**Problem to work on:** Look through the entries below for the string "from", and copy each line where it is found.

**Source material:**
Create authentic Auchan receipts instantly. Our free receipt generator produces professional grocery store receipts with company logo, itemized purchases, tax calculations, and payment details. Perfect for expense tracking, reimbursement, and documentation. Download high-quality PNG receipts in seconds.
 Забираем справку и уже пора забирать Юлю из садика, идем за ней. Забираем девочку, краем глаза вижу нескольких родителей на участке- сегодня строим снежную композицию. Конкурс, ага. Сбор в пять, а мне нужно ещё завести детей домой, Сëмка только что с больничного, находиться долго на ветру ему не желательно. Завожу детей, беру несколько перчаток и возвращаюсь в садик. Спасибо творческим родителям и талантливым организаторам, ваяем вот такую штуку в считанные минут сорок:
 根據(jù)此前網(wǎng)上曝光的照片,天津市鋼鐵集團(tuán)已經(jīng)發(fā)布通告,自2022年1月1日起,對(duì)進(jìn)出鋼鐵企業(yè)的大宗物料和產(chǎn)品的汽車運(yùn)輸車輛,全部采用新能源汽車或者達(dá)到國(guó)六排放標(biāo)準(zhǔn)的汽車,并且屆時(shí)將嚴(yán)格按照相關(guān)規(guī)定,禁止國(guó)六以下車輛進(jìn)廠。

--

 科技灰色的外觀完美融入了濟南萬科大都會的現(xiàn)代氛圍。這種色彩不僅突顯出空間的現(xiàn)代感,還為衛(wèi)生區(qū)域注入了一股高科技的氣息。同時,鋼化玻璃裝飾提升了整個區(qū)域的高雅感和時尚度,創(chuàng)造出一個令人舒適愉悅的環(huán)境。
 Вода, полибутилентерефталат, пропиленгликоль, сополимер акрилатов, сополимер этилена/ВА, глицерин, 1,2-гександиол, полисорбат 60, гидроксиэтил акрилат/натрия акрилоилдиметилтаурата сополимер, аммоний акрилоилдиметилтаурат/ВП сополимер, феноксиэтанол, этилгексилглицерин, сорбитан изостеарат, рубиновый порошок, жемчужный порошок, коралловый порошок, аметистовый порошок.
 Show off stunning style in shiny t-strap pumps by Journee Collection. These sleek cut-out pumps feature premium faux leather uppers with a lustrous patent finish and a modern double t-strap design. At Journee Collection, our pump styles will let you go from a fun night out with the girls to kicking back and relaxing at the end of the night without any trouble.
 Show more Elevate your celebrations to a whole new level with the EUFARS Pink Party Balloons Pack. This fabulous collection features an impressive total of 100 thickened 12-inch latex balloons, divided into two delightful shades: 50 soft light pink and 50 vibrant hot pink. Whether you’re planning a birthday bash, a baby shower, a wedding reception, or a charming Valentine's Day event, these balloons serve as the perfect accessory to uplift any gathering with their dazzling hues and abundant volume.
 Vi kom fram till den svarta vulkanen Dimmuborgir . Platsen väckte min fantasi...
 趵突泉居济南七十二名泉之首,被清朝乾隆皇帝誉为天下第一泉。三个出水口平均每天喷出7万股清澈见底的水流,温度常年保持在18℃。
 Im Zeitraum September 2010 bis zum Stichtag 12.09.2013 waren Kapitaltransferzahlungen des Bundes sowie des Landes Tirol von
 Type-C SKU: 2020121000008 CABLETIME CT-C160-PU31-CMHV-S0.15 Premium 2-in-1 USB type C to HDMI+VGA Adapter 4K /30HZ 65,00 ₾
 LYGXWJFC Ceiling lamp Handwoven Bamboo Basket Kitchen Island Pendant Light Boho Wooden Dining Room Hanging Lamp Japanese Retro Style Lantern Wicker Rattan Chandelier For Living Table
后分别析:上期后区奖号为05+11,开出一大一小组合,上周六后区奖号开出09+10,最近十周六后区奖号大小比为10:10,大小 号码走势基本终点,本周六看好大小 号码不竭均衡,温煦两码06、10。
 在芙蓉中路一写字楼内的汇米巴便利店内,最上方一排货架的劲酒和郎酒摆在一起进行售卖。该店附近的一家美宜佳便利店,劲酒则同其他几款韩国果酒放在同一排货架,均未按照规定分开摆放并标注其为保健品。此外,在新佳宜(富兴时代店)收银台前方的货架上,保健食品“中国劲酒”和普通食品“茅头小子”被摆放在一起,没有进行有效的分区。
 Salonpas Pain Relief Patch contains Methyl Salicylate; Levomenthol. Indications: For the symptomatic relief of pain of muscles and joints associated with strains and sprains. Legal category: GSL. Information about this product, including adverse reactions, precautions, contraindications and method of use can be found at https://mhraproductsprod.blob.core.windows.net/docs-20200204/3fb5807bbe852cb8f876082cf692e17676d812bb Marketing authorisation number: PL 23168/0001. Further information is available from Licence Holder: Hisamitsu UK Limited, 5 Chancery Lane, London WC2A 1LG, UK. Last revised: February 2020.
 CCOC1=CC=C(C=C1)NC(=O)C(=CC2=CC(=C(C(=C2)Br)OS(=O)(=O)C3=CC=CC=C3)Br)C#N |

==

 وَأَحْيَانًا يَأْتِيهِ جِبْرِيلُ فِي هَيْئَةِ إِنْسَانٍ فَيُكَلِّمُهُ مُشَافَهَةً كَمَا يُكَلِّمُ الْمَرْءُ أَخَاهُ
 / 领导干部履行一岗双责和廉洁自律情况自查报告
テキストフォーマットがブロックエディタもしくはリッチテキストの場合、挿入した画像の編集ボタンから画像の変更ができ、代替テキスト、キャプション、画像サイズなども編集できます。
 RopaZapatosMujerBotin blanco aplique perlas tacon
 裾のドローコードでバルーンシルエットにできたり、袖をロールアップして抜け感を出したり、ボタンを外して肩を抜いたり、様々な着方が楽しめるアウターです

**Response:**
 Show off stunning style in shiny t-strap pumps by Journee Collection. These sleek cut-out pumps feature premium faux leather uppers with a lustrous patent finish and a modern double t-strap design. At Journee Collection, our pump styles will let you go from a fun night out with the girls to kicking back and relaxing at the end of the night without any trouble.
 Salonpas Pain Relief Patch contains Methyl Salicylate; Levomenthol. Indications: For the symptomatic relief of pain of muscles and joints associated with strains and sprains. Legal category: GSL. Information about this product, including adverse reactions, precautions, contraindications and method of use can be found at https://mhraproductsprod.blob.core.windows.net/docs-20200204/3fb5807bbe852cb8f876082cf692e17676d812bb Marketing authorisation number: PL 23168/0001. Further information is available from Licence Holder: Hisamitsu UK Limited, 5 Chancery Lane, London WC2A 1LG, UK. Last revised: February 2020.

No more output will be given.